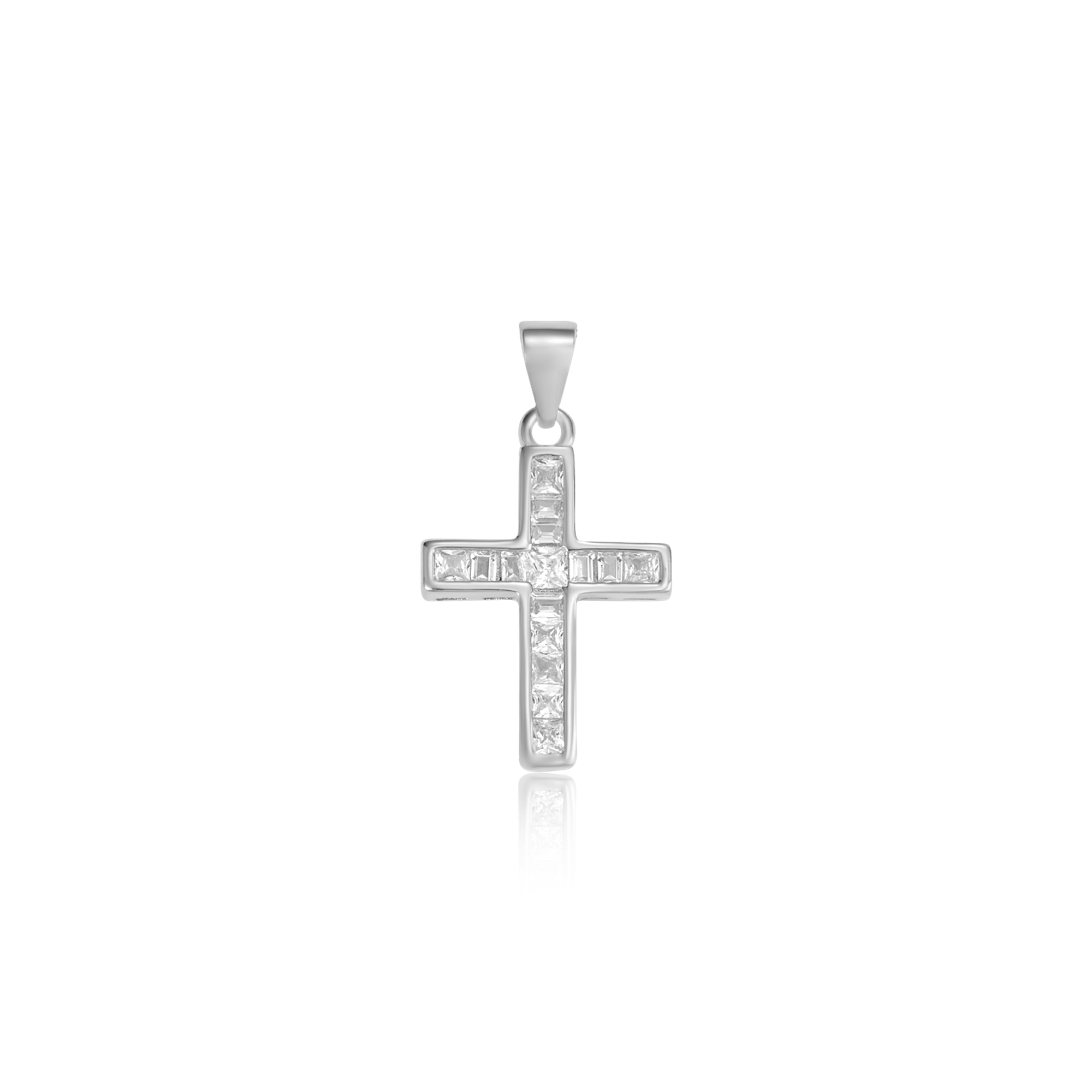 Sølv vedhæng rhodineret kors med syntetiske cubic zirconia.
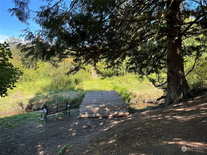 5.4 acres zoned residential with water, sewer, power, and gas in the street. Walking bridge is in for crossing Deer Creek to a large building site. City water and sewer is in the street. Right now, build your off-grid home. Great location for solar powered house. There is approximately 2 to 3 acres of level building area surrounded by waterfront.
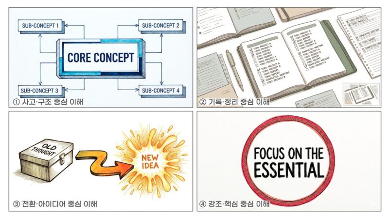사람의 콘텐츠 이해 방식은 4가지 사고 구조로 정리됩니다
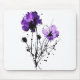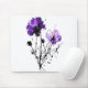 A vibrant and expressive abstract watercolor painting of two blooming flowers. The flowers are rendered in shades of purple and pink, with bold black outlines and splatters adding a dynamic and energetic feel. The overall composition is modern and contemporary.
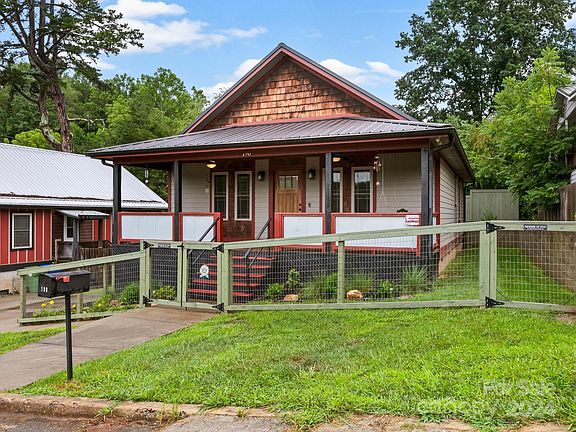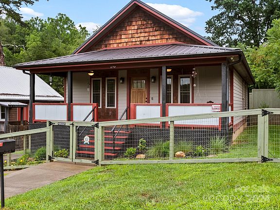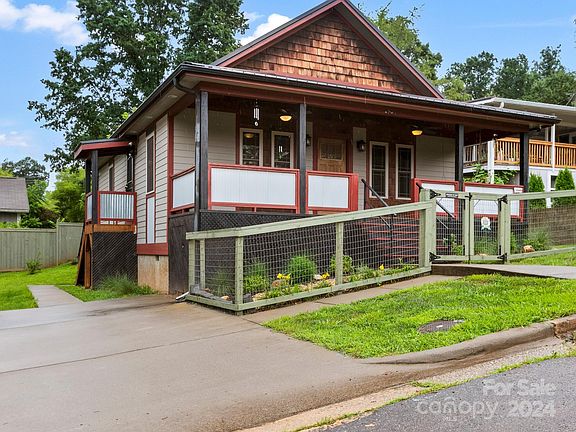 This attractive bungalow features 2 bedrooms & 2 full baths, & blends modern amenities with style, convenience & comfort. Located just minutes from downtown Asheville, the River Arts District, river access, parks, greenways, hospital, breweries, Cultivate Climbing, & so much more. Easy walk to Carrier Park or Haywood Road. Open floor plan with a living area that boasts vaulted ceilings & ample windows with abundant natural light. Beautiful hardwood floors throughout, recessed lighting, ceiling fans, stainless steel appliances, granite countertops, & a dedicated driveway. Large handsome covered front porch with stained wood ceiling, ceiling fans, & porch swing. Metal roof & a partially fenced in yard.
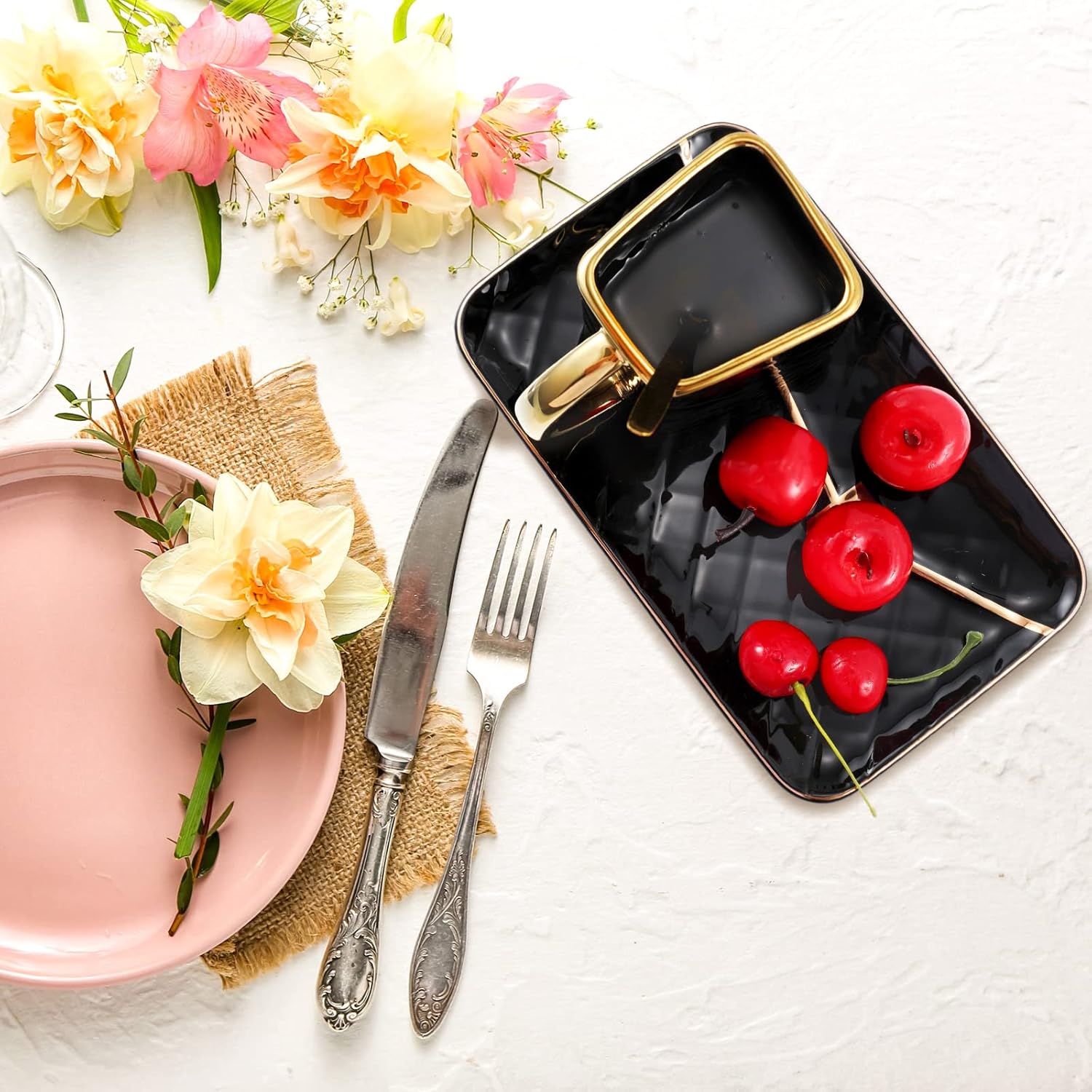 • Attractive and Elegant: the ceramic aesthetic coffee mug with saucer is characterized by handbag shapes and hand painted golden edges, and the color combination of black and gold makes it more beautiful and graceful, which can bring both decorative and practical functions
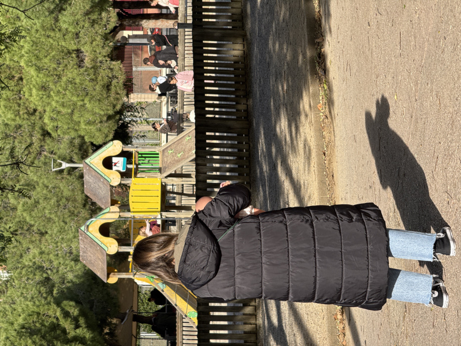 The image depicts a daytime scene in a park within L'Hospitalet De Llobregat, Spain. In the foreground, a person is viewed from behind, wearing a long black hooded puffer coat, light blue ripped jeans, and black low-top sneakers. This individual is holding a light-skinned baby doll, cradled in their left arm. The midground features a children's playground enclosed by a low wooden picket fence. Inside the fence, a multi-level wooden play structure is visible, featuring yellow and green platforms, two brown-roofed towers, slides, and a climbing ramp with green handholds. A blue and white rectangular sign, possibly indicating a restriction, is affixed to one tower. Multiple individuals, including adults and children, are present within and around the playground area. One child in a light pink top is visible on a platform of the play structure. Other adults are standing or sitting, some appearing to interact with children. The background consists of numerous evergreen trees with dense green foliage. Beyond the trees and playground, elements of urban architecture are partially visible, including building facades and a metal fence. The ground surface in the foreground is a paved area, exhibiting distinct, elongated shadows from the trees and the primary subject, indicating bright sunlight from an angle.
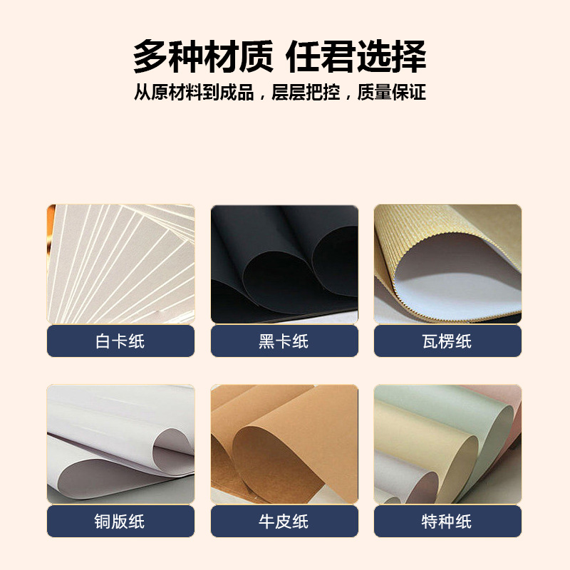 印刷紙張:銅版紙、雙膠紙、啞粉紙、珠光紙、其他藝術紙(藝術紙種類較多我們可以免費提供紙樣供您選擇)
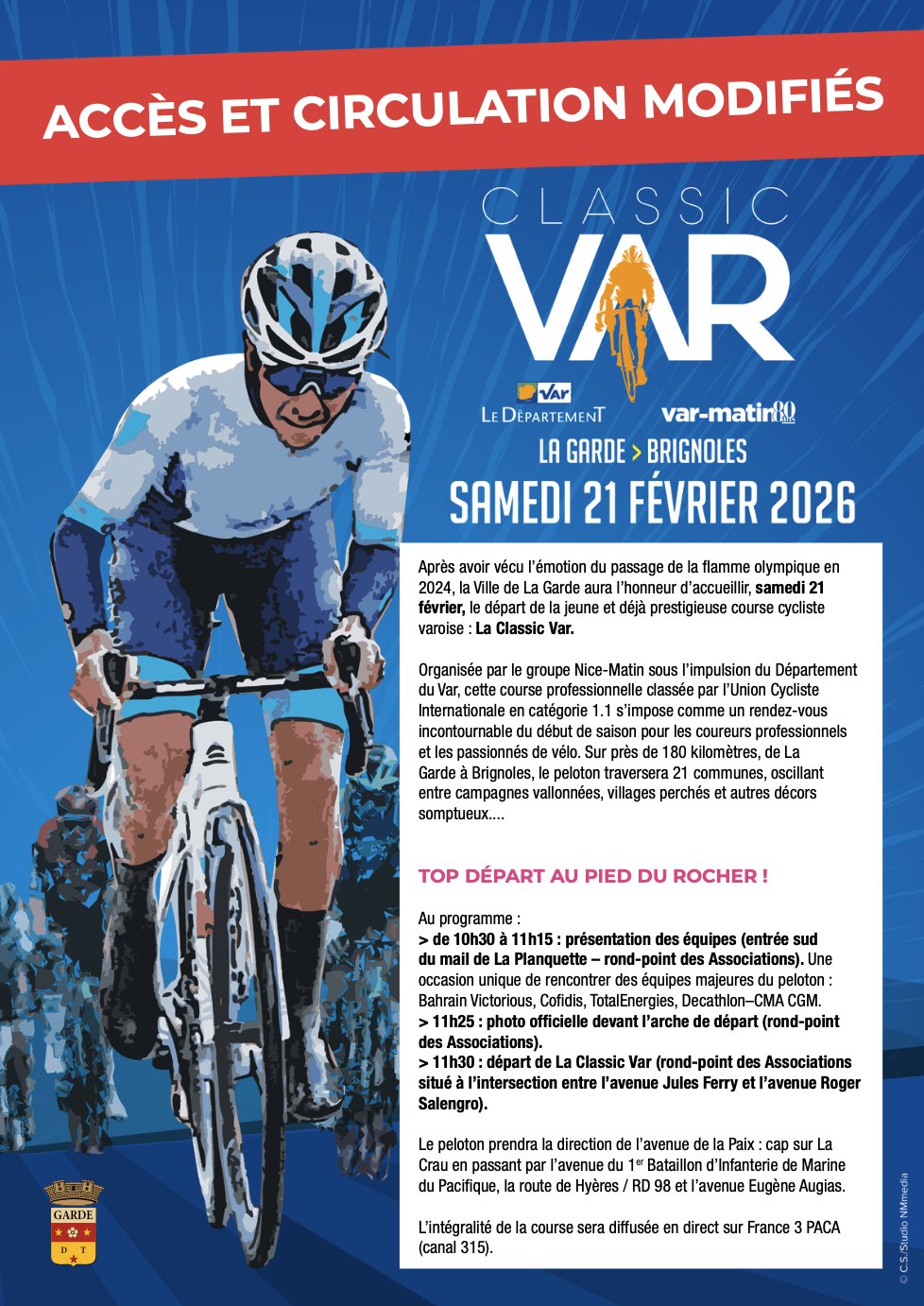 Après avoir vécu l’émotion du passage de la flamme olympique en 2024, la Ville de La Garde aura l’honneur d’accueillir, samedi 21 février, le départ de la jeune et déjà prestigieuse course cycliste varoise : La Classic Var.
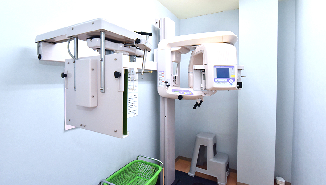お口の状態をしっかり把握するため、専用のレントゲン室を備えています。被ばく線量の少ないデジタルレントゲンがございます。
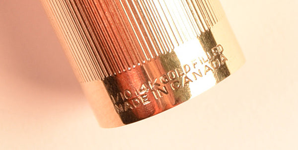 Both caps are imprinted 'Parker' on the front with the gold filled content and 'Made in Canada' on the reverse as shown in the photos above
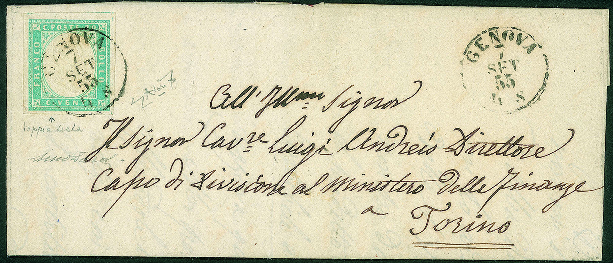Antichi Stati Italiani - Sardegna - Fresca letterina completa di testo interno affrancata con 20 cent cobalto chiaro (15a)Con ampi margini da Genova a Torino del 7.9.55 - raro e pregiato uso nel mese di settembre del 1855 - insieme molto bello e di ottima qualità - cert. Avanzo
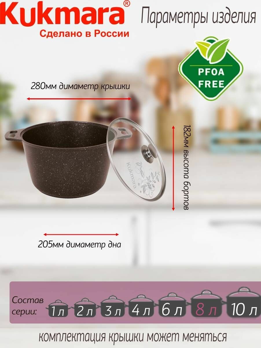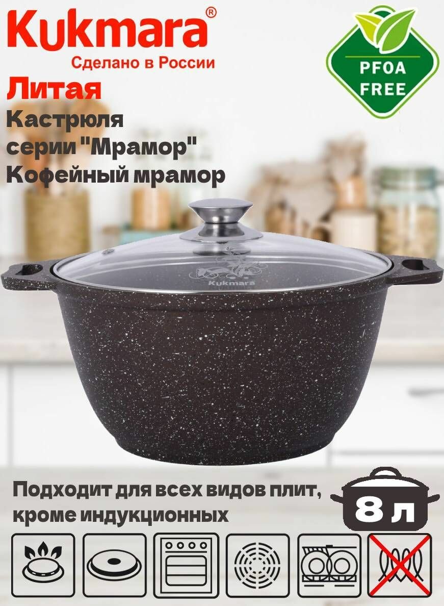 Кастрюля 8 л KUKMARA кмк82-1а, алюминий, кофейный мрамор

> [PROBLEM TO WORK ON] Word for word, restate the lines from the one containing "Après avoir vécu" through the end of the listing, and nothing more. Skip the pictures.

> [RESPONSE BELOW]
 Après avoir vécu l’émotion du passage de la flamme olympique en 2024, la Ville de La Garde aura l’honneur d’accueillir, samedi 21 février, le départ de la jeune et déjà prestigieuse course cycliste varoise : La Classic Var.
お口の状態をしっかり把握するため、専用のレントゲン室を備えています。被ばく線量の少ないデジタルレントゲンがございます。
 Both caps are imprinted 'Parker' on the front with the gold filled content and 'Made in Canada' on the reverse as shown in the photos above
Antichi Stati Italiani - Sardegna - Fresca letterina completa di testo interno affrancata con 20 cent cobalto chiaro (15a)Con ampi margini da Genova a Torino del 7.9.55 - raro e pregiato uso nel mese di settembre del 1855 - insieme molto bello e di ottima qualità - cert. Avanzo
 Кастрюля 8 л KUKMARA кмк82-1а, алюминий, кофейный мрамор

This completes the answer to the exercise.